Conséquences socio-économiques

Enfin, l’ONDRP note que les phénomènes de délinquance observés semblent impacter l’image qu’ont les habitants de leur quartier. Ainsi, les habitants des grandes unités urbaines ont une image moins positive de leur quartier. On estime qu’un résident d’unité urbaine de plus de 100 000 habitants sur dix estime que son quartier n’est pas vraiment, voire pas du tout, agréable à vivre. Cela représente en moyenne 10% des résidents, 11% en agglomération parisienne, contre 4% en zone rurale.

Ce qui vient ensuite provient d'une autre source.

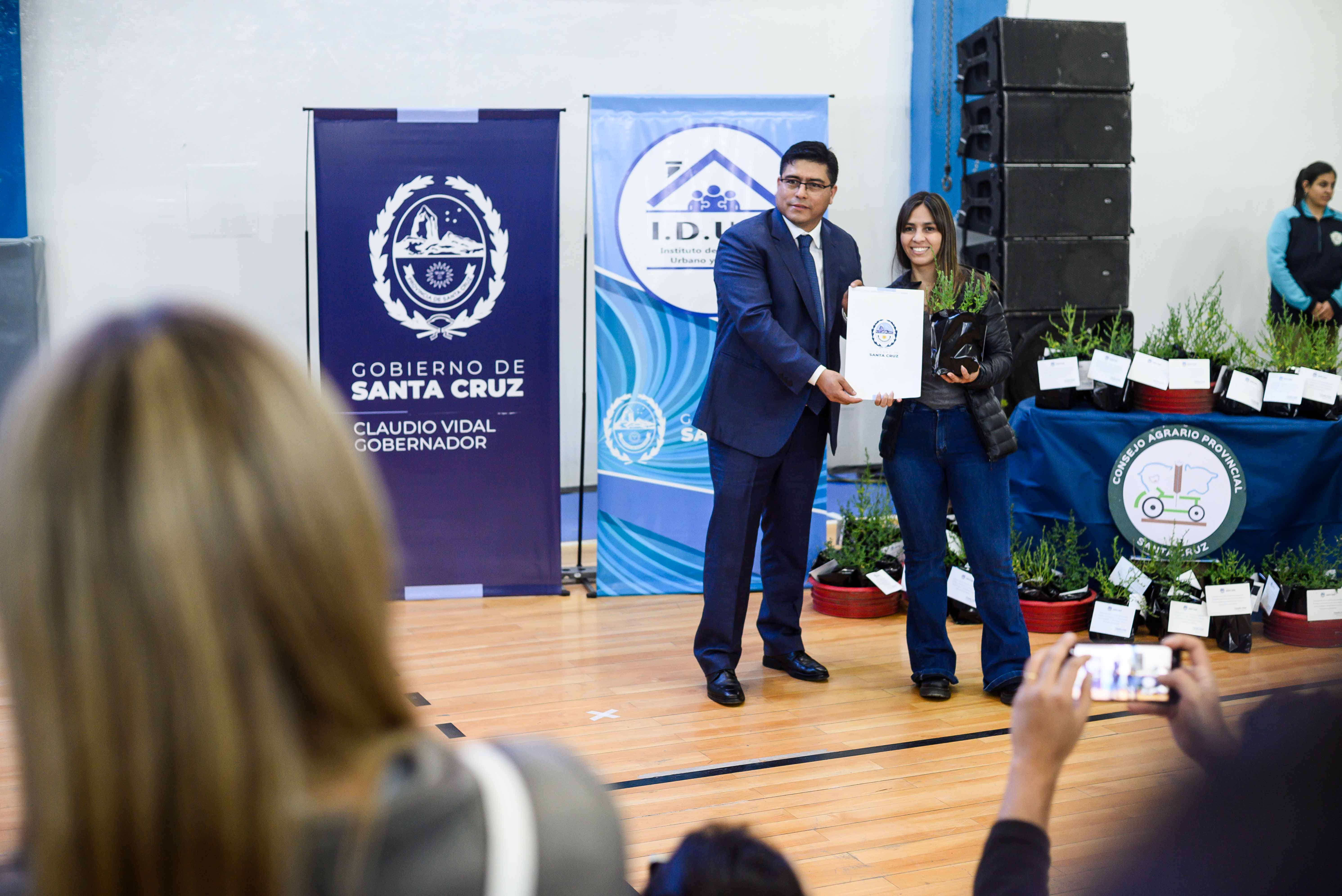 Durante la ceremonia, el mandatario provincial acompañado por el presidente del Instituto de Desarrollo Urbano y Vivienda (IDUV), Marcelo De La Torre, e integrantes del Gabinete, hizo entrega de Actas de Posesión de Terrenos, ubicados en las manzanas 699 a la 708 del Barrio 22 de Septiembre, y 862 a 874 del Barrio Chimen Aike. Vale la pena resaltar que, estas unidades parcelarias marcan el paso inicial para que 50 familias de la ciudad de Río Gallegos puedan concretar el sueño de la vivienda propia.

Pour conclure, cette note révèle l’existence d’un « lien significativement fort entre le fait d’être témoin d’actes de délinquance et le fait de ressentir de l’insécurité dans son quartier ou d’avoir une opinion défavorable à son égard. Elle met aussi en lumière l’existence d’une inégalité entre les territoires en termes de phénomènes de délinquance observés et d’opinion sur son quartier. Des chercheurs ont d’ailleurs montré que cela pouvait avoir de « lourdes conséquences socio-économiques sur le quartier, allant jusqu’à la désertification de ses habitants et des répercussions économiques, renforçant ainsi le caractère criminogène de la situation ».